I updated the PR inspired by @Seljuke comment https://github.com/kubernetes-sigs/kubespray/pull/11242#issuecomment-2269450109.
Can someone review it? This is a blocker for us ....
@sathieu I found a bug in my solution. When running cluster setup first time on fresh nodes kube-vip.yml static pod manifests are created before running kubeadm, so super-admin.conf can't be found and if condition on jinja template always returns admin.conf.

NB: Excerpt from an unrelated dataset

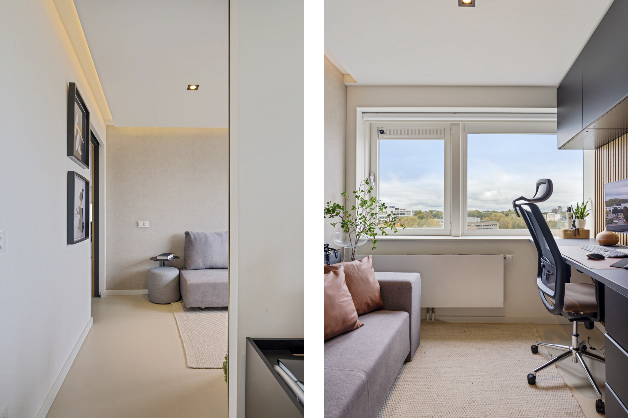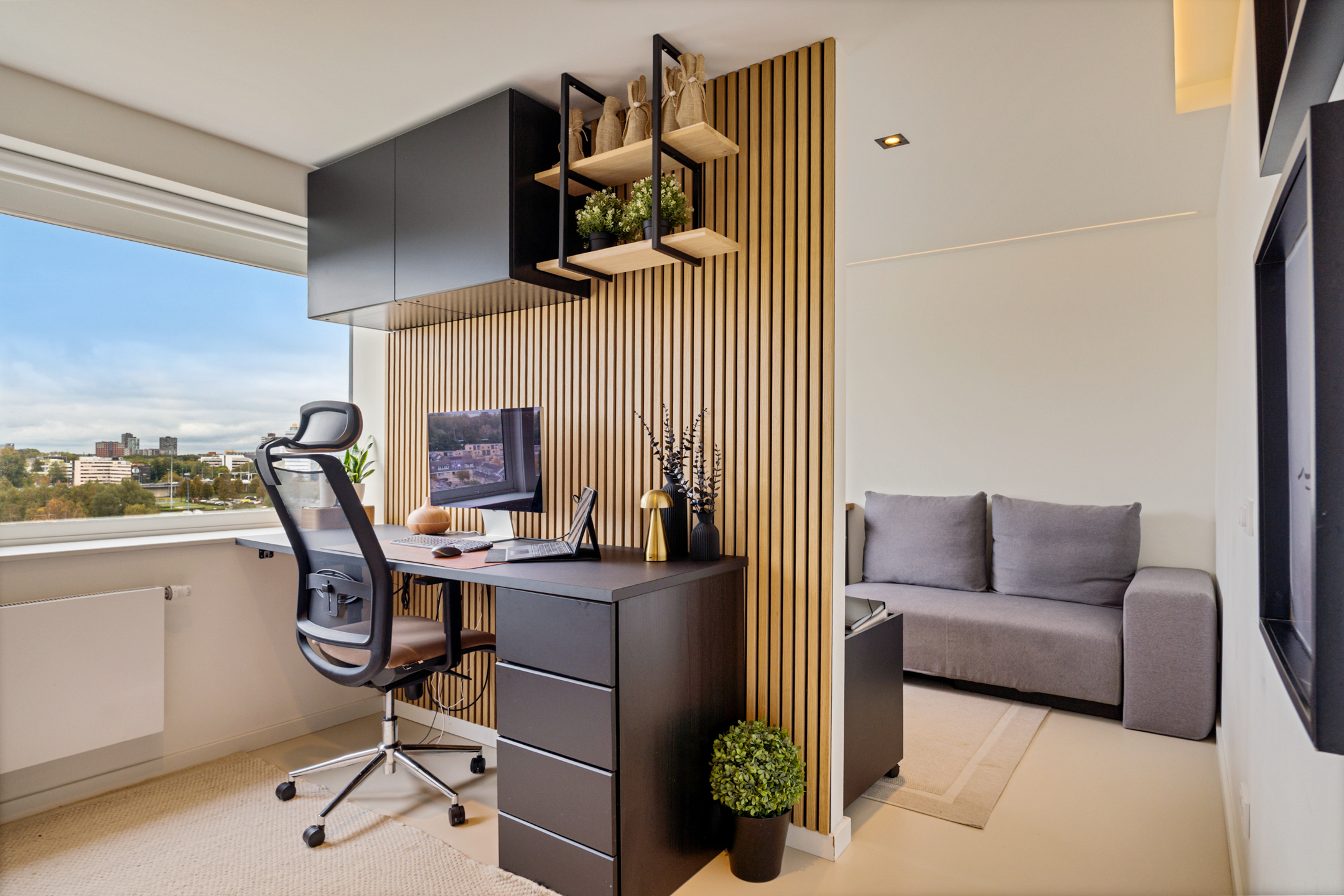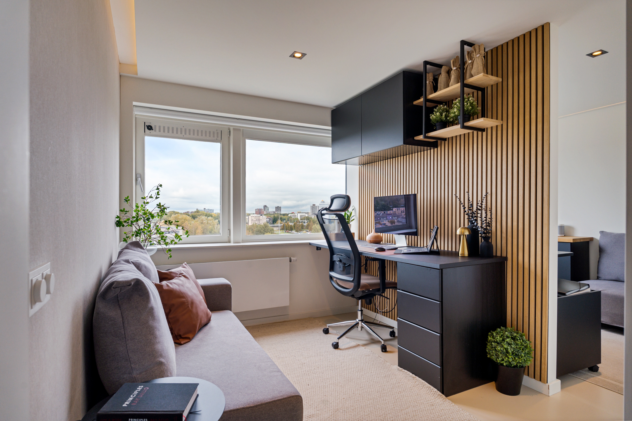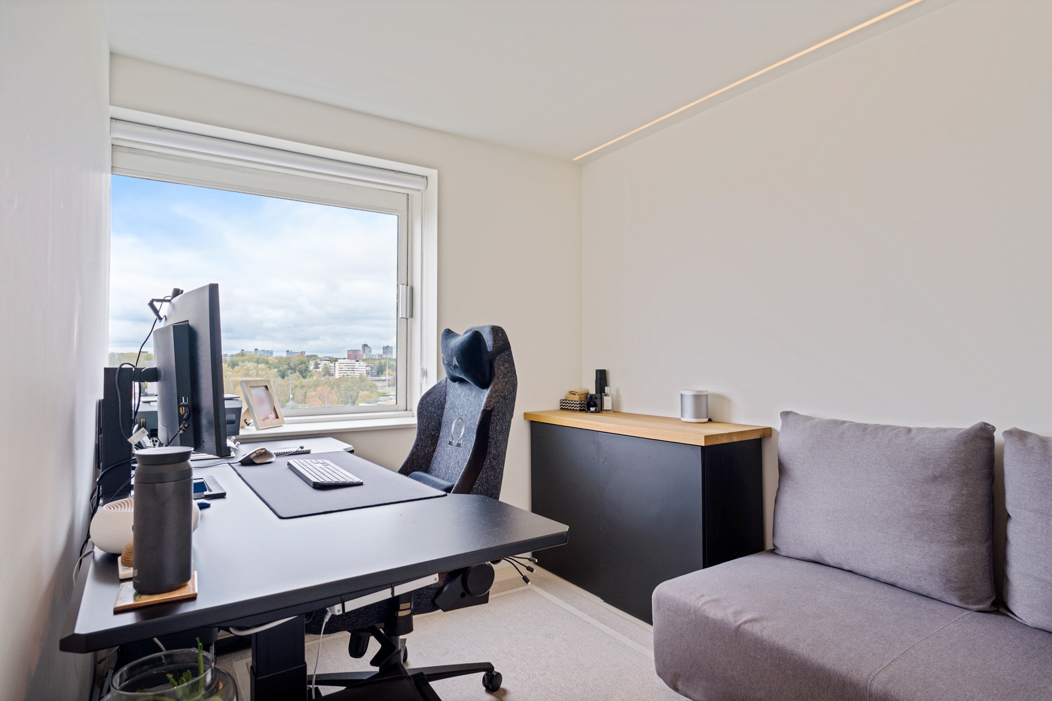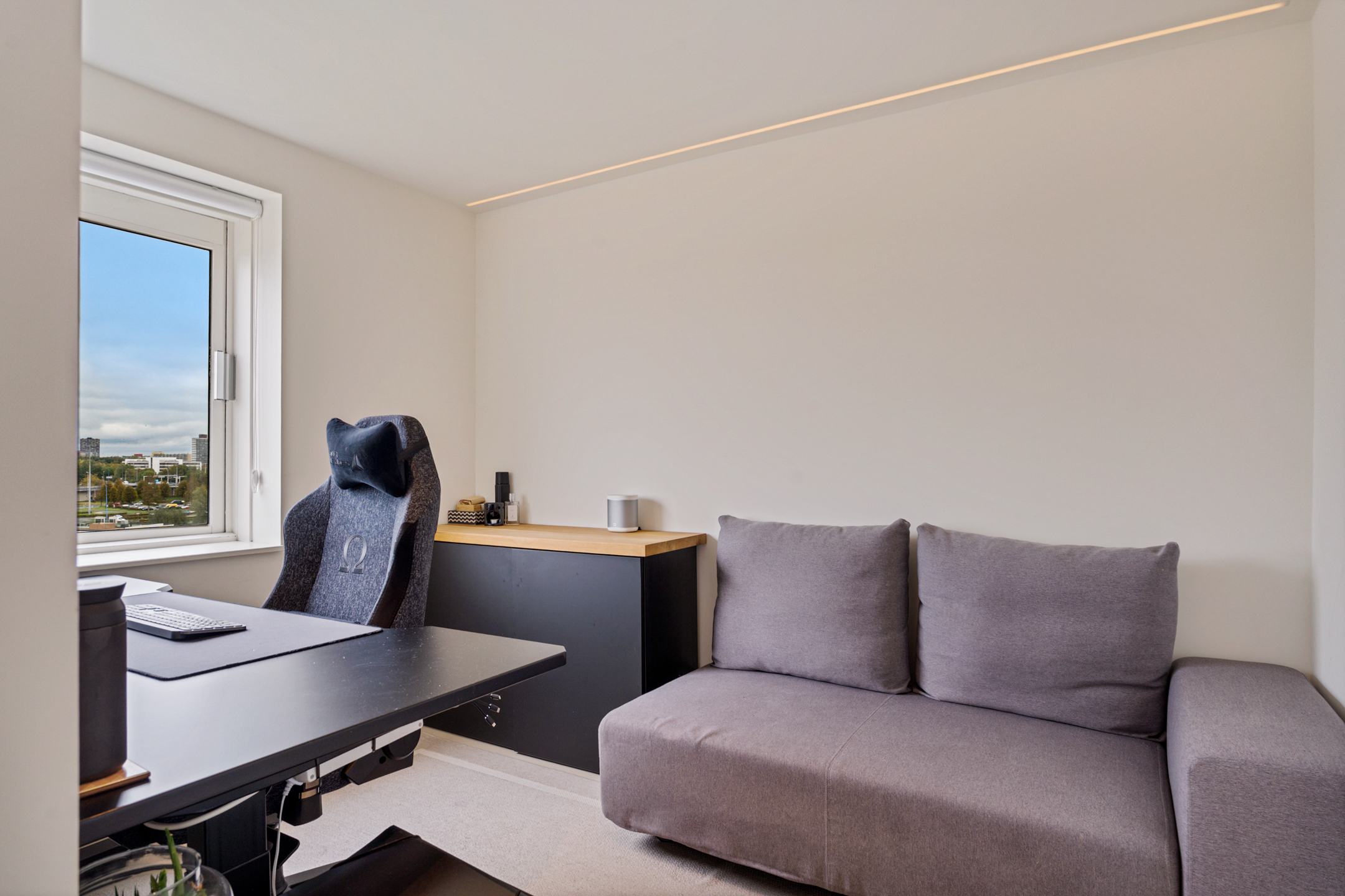 Daarnaast bevindt zich hier een royale kamer van circa 15 m² die momenteel als werkruimte is ingericht, maar eenvoudig kan worden omgevormd tot slaapkamer. Elk detail is hier doordacht; van de verlichting tot de materiaalkeuze.

We gotta check if kubeadm run before and apply if logic based on that. Here is the solution covering this too;
diff --git a/roles/kubernetes/node/templates/manifests/kube-vip.manifest.j2 b/roles/kubernetes/node/templates/manifests/kube-vip.manifest.j2
index 11a971e93..b34588552 100644
--- a/roles/kubernetes/node/templates/manifests/kube-vip.manifest.j2
+++ b/roles/kubernetes/node/templates/manifests/kube-vip.manifest.j2
@@ -119,6 +119,6 @@ spec:
hostNetwork: true
volumes:
- hostPath:
- path: /etc/kubernetes/admin.conf
+ path: /etc/kubernetes/{% if inventory_hostname == (groups['kube_control_plane'] | first) and ((stat_kube_vip_super_admin.stat.exists and stat_kube_vip_super_admin.stat.isreg) or (not kubeadm_already_run.stat.exists )) %}super-{% endif %}admin.conf
name: kubeconfig
diff --git a/roles/kubernetes/node/tasks/loadbalancer/kube-vip.yml b/roles/kubernetes/node/tasks/loadbalancer/kube-vip.yml
index 7e3471593..392ee4e88 100644
--- a/roles/kubernetes/node/tasks/loadbalancer/kube-vip.yml
+++ b/roles/kubernetes/node/tasks/loadbalancer/kube-vip.yml
@@ -6,6 +6,21 @@
- kube_proxy_mode == 'ipvs' and not kube_proxy_strict_arp
- kube_vip_arp_enabled
+- name: Kube-vip | Check if super-admin.conf exists
+ stat:
+ path: "{{ kube_config_dir }}/super-admin.conf"
+ failed_when: false
+ changed_when: false
+ register: stat_kube_vip_super_admin
+
+- name: Kube-vip | Check if kubeadm has already run
+ stat:
+ path: "/var/lib/kubelet/config.yaml"
+ get_attributes: no
+ get_checksum: no
+ get_mime: no
+ register: kubeadm_already_run
+
- name: Kube-vip | Write static pod
template:
src: manifests/kube-vip.manifest.j2
@Seljuke Could you create a PR with your changes? You have done more testing than me.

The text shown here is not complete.